### [Supplied material]
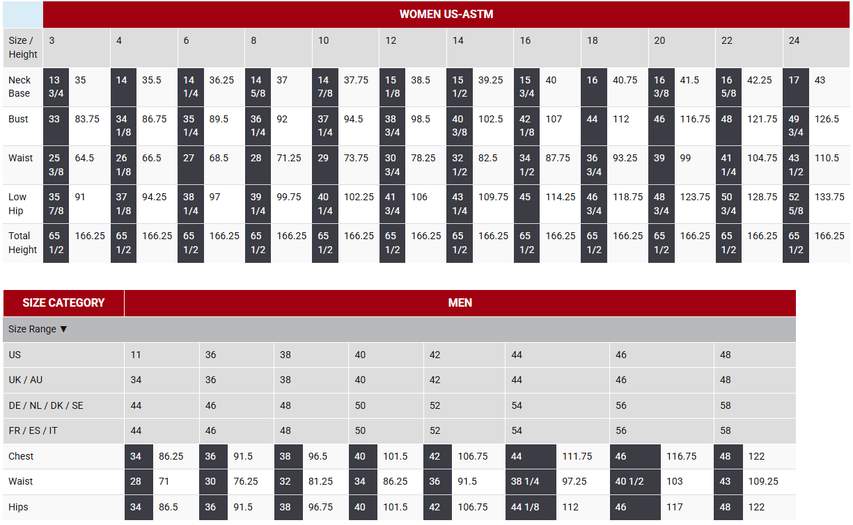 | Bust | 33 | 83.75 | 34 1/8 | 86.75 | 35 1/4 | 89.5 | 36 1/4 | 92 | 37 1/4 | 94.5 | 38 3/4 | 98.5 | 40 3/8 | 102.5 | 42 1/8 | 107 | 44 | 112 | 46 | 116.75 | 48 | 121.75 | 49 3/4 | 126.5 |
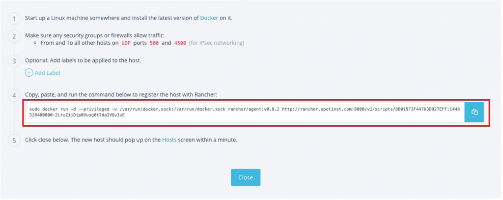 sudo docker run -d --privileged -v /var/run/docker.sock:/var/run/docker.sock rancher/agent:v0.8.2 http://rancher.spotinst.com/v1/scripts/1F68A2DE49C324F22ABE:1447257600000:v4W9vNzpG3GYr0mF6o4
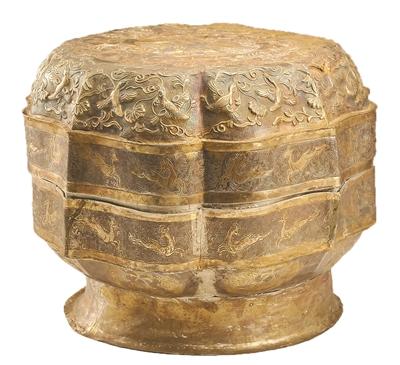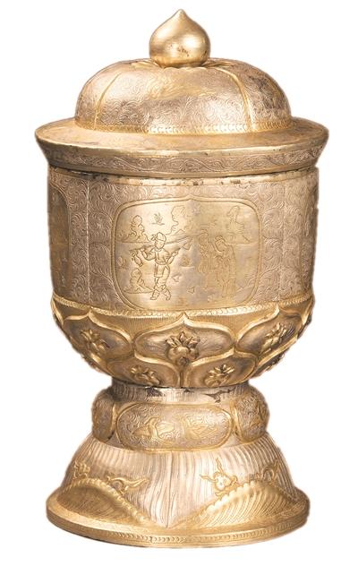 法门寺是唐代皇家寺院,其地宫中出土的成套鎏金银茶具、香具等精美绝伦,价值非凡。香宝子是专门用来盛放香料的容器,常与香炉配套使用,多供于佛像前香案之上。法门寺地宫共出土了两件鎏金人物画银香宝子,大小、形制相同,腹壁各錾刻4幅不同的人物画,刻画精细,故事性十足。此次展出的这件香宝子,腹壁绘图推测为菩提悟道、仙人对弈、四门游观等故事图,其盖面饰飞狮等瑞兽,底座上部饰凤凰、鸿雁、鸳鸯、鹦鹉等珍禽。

* * *

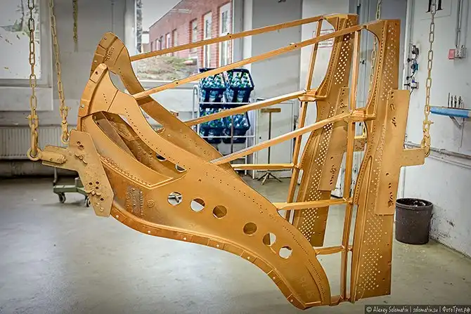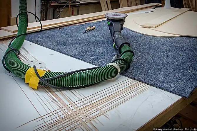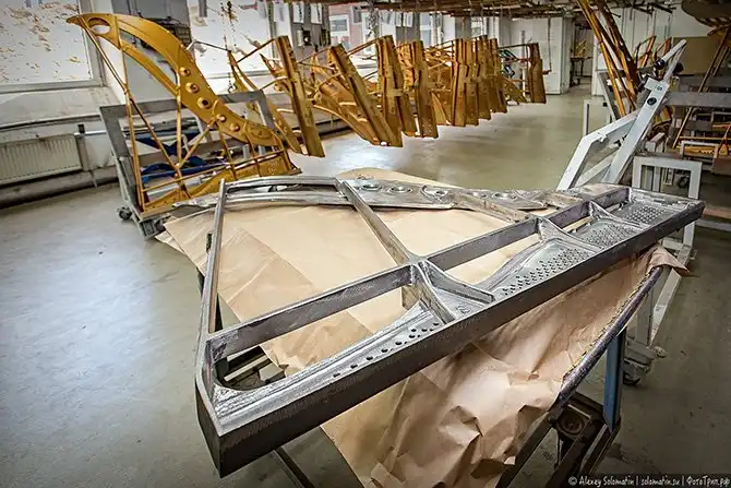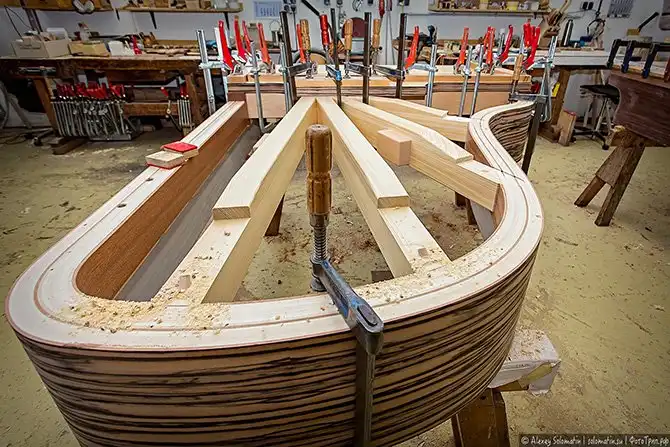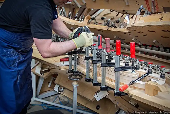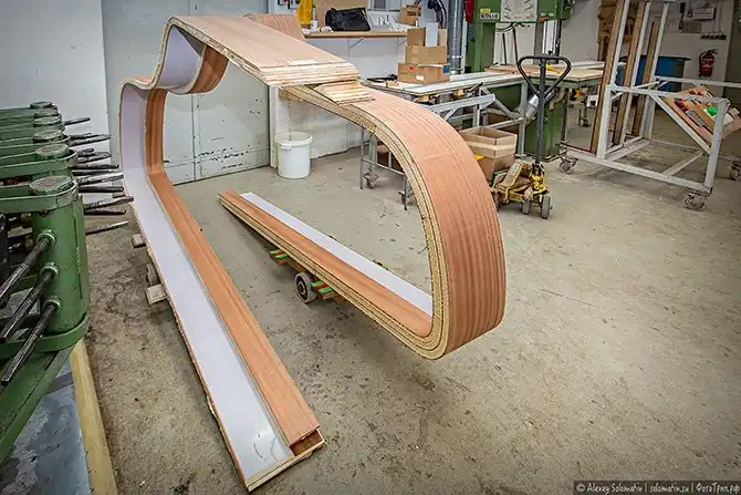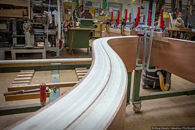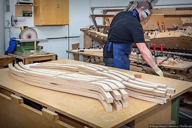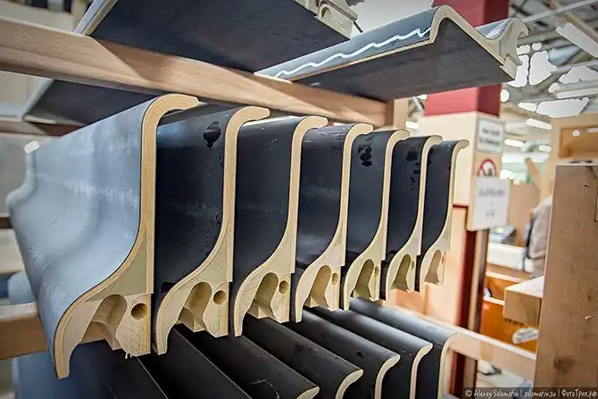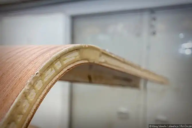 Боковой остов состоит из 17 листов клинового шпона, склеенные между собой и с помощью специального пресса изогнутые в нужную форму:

* * *

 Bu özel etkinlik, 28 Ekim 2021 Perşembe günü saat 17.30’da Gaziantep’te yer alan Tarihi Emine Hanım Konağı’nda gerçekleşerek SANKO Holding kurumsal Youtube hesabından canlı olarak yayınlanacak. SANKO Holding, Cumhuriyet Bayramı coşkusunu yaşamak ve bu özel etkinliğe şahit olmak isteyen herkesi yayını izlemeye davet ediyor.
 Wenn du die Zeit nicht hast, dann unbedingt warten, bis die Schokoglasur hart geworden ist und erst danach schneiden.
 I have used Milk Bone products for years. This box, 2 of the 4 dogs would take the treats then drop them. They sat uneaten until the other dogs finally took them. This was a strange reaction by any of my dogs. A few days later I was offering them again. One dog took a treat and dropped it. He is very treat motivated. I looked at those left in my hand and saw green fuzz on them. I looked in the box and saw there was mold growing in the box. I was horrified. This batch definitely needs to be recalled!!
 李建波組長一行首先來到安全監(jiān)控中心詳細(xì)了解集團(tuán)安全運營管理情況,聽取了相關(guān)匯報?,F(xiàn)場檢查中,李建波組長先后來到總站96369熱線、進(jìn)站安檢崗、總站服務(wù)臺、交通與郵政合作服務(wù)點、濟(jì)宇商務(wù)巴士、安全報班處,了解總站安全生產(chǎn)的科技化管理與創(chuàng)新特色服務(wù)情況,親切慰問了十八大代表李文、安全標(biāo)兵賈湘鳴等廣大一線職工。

### [What is being asked]
Repeat the entries above verbatim, but only from the line that has "Bu özel etkinlik, 28" down to the line that has "Wenn du die", inclusive.

### [Exercise output]
 Bu özel etkinlik, 28 Ekim 2021 Perşembe günü saat 17.30’da Gaziantep’te yer alan Tarihi Emine Hanım Konağı’nda gerçekleşerek SANKO Holding kurumsal Youtube hesabından canlı olarak yayınlanacak. SANKO Holding, Cumhuriyet Bayramı coşkusunu yaşamak ve bu özel etkinliğe şahit olmak isteyen herkesi yayını izlemeye davet ediyor.
 Wenn du die Zeit nicht hast, dann unbedingt warten, bis die Schokoglasur hart geworden ist und erst danach schneiden.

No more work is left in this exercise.